All of what we did above can be done automatically by calling f.backwards().

## 17.4.6. Hessians¶

As with single variable calculus, it is useful to consider higher-order derivatives in order to get a handle on how we can obtain a better approximation to a function than using the gradient alone.

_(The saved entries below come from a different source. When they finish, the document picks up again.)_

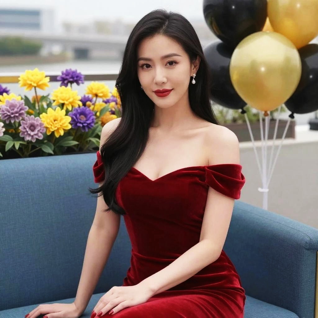 A stylish woman sits gracefully on a blue couch wearing an elegant off-shoulder red velvet dress. She poses with confidence against a backdrop of vibrant yellow and purple flowers and black and gold balloons, creating a sophisticated and celebratory atmosphere.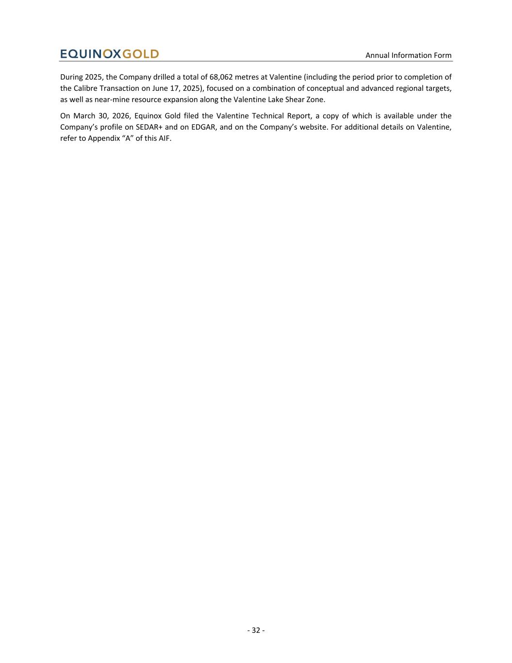 Annual Information Form - 32 - During 2025, the Company drilled a total of 68,062 metres at Valentine (including the period prior to completion of the Calibre Transaction on June 17, 2025), focused on a combination of conceptual and advanced regional targets, as well as near-mine resource expansion along the Valentine Lake Shear Zone. On March 30, 2026, Equinox Gold filed the Valentine Technical Report, a copy of which is available under the Company’s profile on SEDAR+ and on EDGAR, and on the Company’s website. For additional details on Valentine, refer to Appendix “A” of this AIF.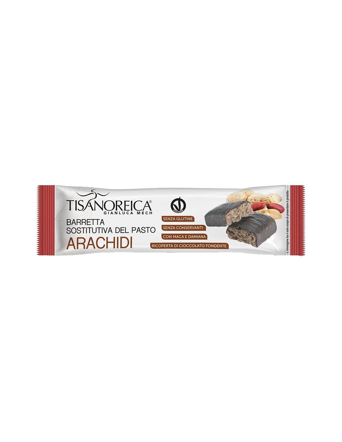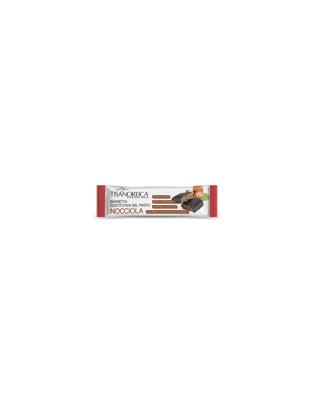 Barrita capaz de sustituir una comida completa. Es rico en nutrientes, incluidas vitaminas y minerales, y proporciona la cantidad adecuada de energía, carbohidratos y proteínas.Son prácticos para llevar contigo y consumir cuando no tienes tiempo para preparar una comida clásica. Se debe acompañar de abundantes líquidos.Ingredientes:Jarabe de fructosa, mezcla de proteínas (caseinato de calcio, proteína del suero de la leche), 12 % de recubrimiento de chocolate negro (pasta de cacao, azúcar, manteca de cacao, lecitina de soja y vainillina), grano de arroz inado y tostado, 3 % de pasta de avellanas sin tostar, premezcla de vitaminas, minerales: raiz de Maca (Lepidium meyenii Walp.), fosfato de potasio dibásico, sodio, fosfato de calcio tribásico, fosfato ferroso dibásico (II), ácido L-ascórbico, nicotinamida, óxido de zinc, acetato de DL alfa- tocoferilo, sulfato de cobre, hoja de Damiana (Turnera diusa Willd.), D-pantotenato de calcio, sulfato de manganeso, riboavina, clorhidrato de piridoxina, clorhidrato de tiamina, acetato de retinilo, ácido pteroil-monoglutámico, D-biotina, yodato de potasio, selenito de sodio, colecalciferol, cianocobalamina, regulador de la acidez (ácido cítrico), oxido de magnesio, saborizante de avellana (contiene leche).Valor nutricional por 60 gramos:

There is one immediate problem one encounters when working with higher order derivatives of functions of several variables, and that is there are a large number of them. If we have a function $$f(x_1, \ldots, x_n)$$ of $$n$$ variables, then we can take $$n^{2}$$ many second derivatives, namely for any choice of $$i$$ and $$j$$:

(17.4.25)$\frac{d^2f}{dx_idx_j} = \frac{d}{dx_i}\left(\frac{d}{dx_j}f\right).$

This is traditionally assembled into a matrix called the Hessian:

(17.4.26)$\begin{split}\mathbf{H}_f = \begin{bmatrix} \frac{d^2f}{dx_1dx_1} & \cdots & \frac{d^2f}{dx_1dx_n} \\ \vdots & \ddots & \vdots \\ \frac{d^2f}{dx_ndx_1} & \cdots & \frac{d^2f}{dx_ndx_n} \\ \end{bmatrix}.\end{split}$

Not every entry of this matrix is independent. Indeed, we can show that as long as both mixed partials (partial derivatives with respect to more than one variable) exist and are continuous, we can say that for any $$i$$, and $$j$$,

(17.4.27)$\frac{d^2f}{dx_idx_j} = \frac{d^2f}{dx_jdx_i}.$

This follows by considering first perturbing a function in the direction of $$x_i$$, and then perturbing it in $$x_j$$ and then comparing the result of that with what happens if we perturb first $$x_j$$ and then $$x_i$$, with the knowledge that both of these orders lead to the same final change in the output of $$f$$.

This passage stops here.